Abstract

Hyporheic exchange is often controlled by subsurface advection driven by the interaction of the stream with sedimentary pore water. The nature and magnitude of the induced exchange flow is dependent on the characteristics of both the stream flow and the sediment bed. Fundamental hydrodynamic theory can be applied to determine general relationships between stream characteristics, sediment characteristics, and hyporheic exchange rates. When the stream bed is fine enough to allow application of Darcy’s Law, as with sand beds, the induced advective exchange can be calculated from fundamental hydrodynamic principles. Comparison with a wide range of experimental results demonstrates the predictive capability of this theory.

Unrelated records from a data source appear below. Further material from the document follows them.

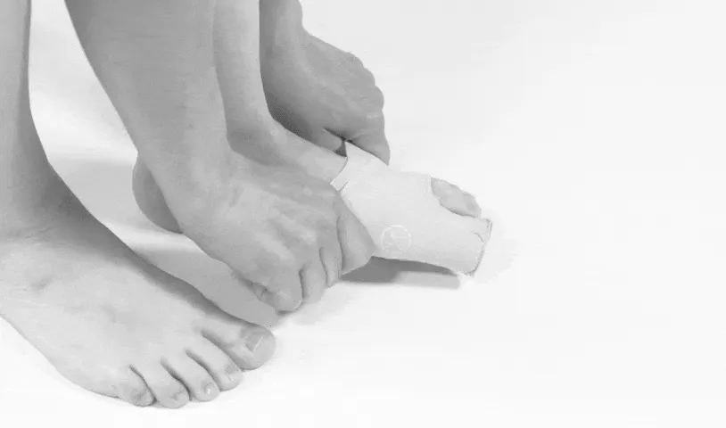 De corrigerende orthese voor 's nachts kan ook overdag gebruikt worden om de grote teen opnieuw in de juiste positie te plaatsen.
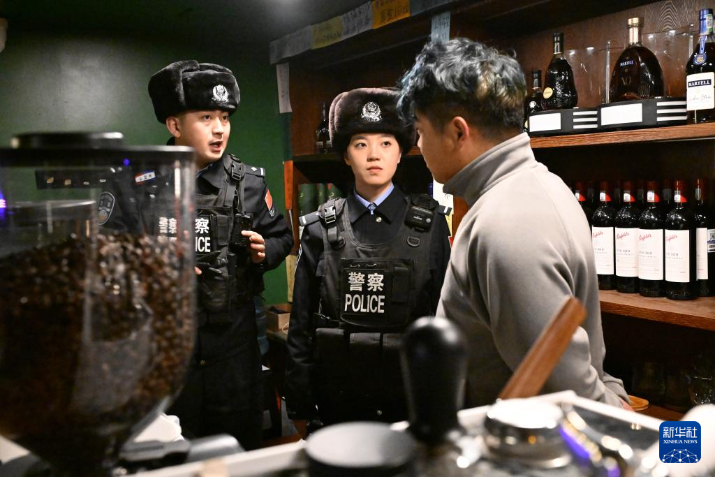 3月7日,在新疆阿勒泰地区禾木村,蒋慧芳(中)在师父王卫州带领下在一家酒吧检查。
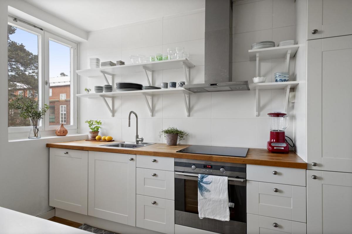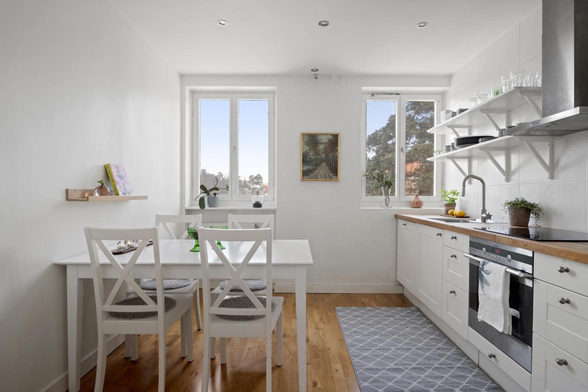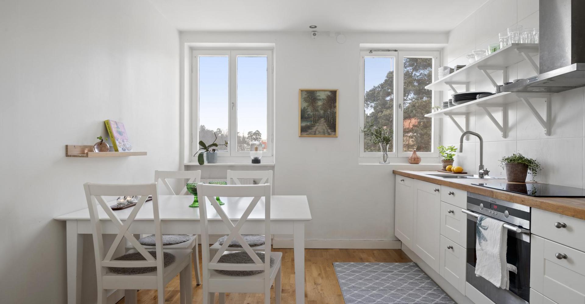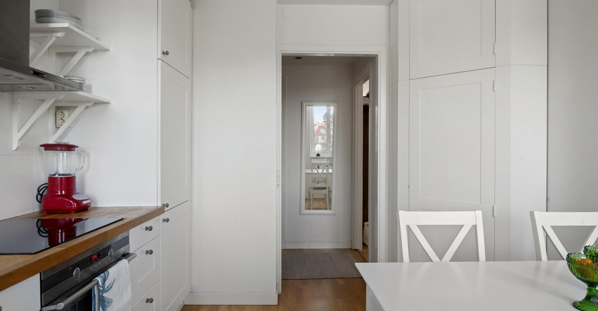 Till höger om hallen öppnar sig ett ljust och tilltalande kök med tidlös ljus skåpinredning och stora vita kakelplattor ovanför arbetsbänken i ek. Ovan arbetsytorna finns öppna hyllplan som skapar både karaktär och praktisk förvaring. Köket är fullutrustat med rostfri fläkt, induktionshäll (ny 2026), ugn, integrerad diskmaskin samt kyl/frys. Ett charmigt platsbyggt hörnskåp erbjuder ytterligare förvaringsmöjligheter. Vitmålade väggar, ekparkettgolv och spotlights i taket fulländar rummet.
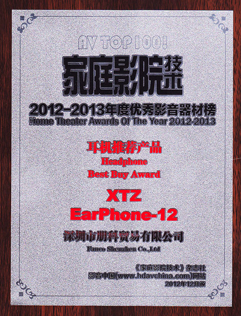 Earphone-12 creates clearly wider range of sound in middle frequency and better performance in cohesion of sound and provides more information and give more smooth and soft sound. And also it sounds not stiff but widened much at once. It shows unprecedented performance on sound details and texture the voice thickness is not only moderate but also full of vigor... - Wenfeng Home Theatre Technology
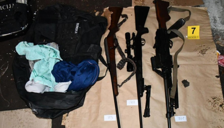 Zaplenjeno je i nekoliko stotina komada municije različitog kalibra, dva pancirna prsluka sa oznakama „Policija“, sredstva za vezivanje – lisice

Coarser sediments such as gravels are more complex because they admit turbulent interactions between the stream and subsurface flows, which can produce considerable exchange even when the bed surface is flat and no flows are induced by the bed topography. Even for this case, however, scaling arguments can still be used to determine how exchange rates vary with stream and sedimentary conditions. Evaluation of laboratory flume experiments for a wide range of stream conditions, bed sediment types including sand and gravel, and bed geometries demonstrates that exchange scales with the permeability of the bed sediments and the square of the stream velocity. These relationships occur due to fundamental hydrodynamic processes, and were observed to hold over almost five orders of magnitude of exchange flux. Such scaling relationships are very useful in practice because they can be used to extend observed hyporheic exchange rates to different flow conditions and to uniquely identify the role of sedimentary conditions in controlling exchange flux.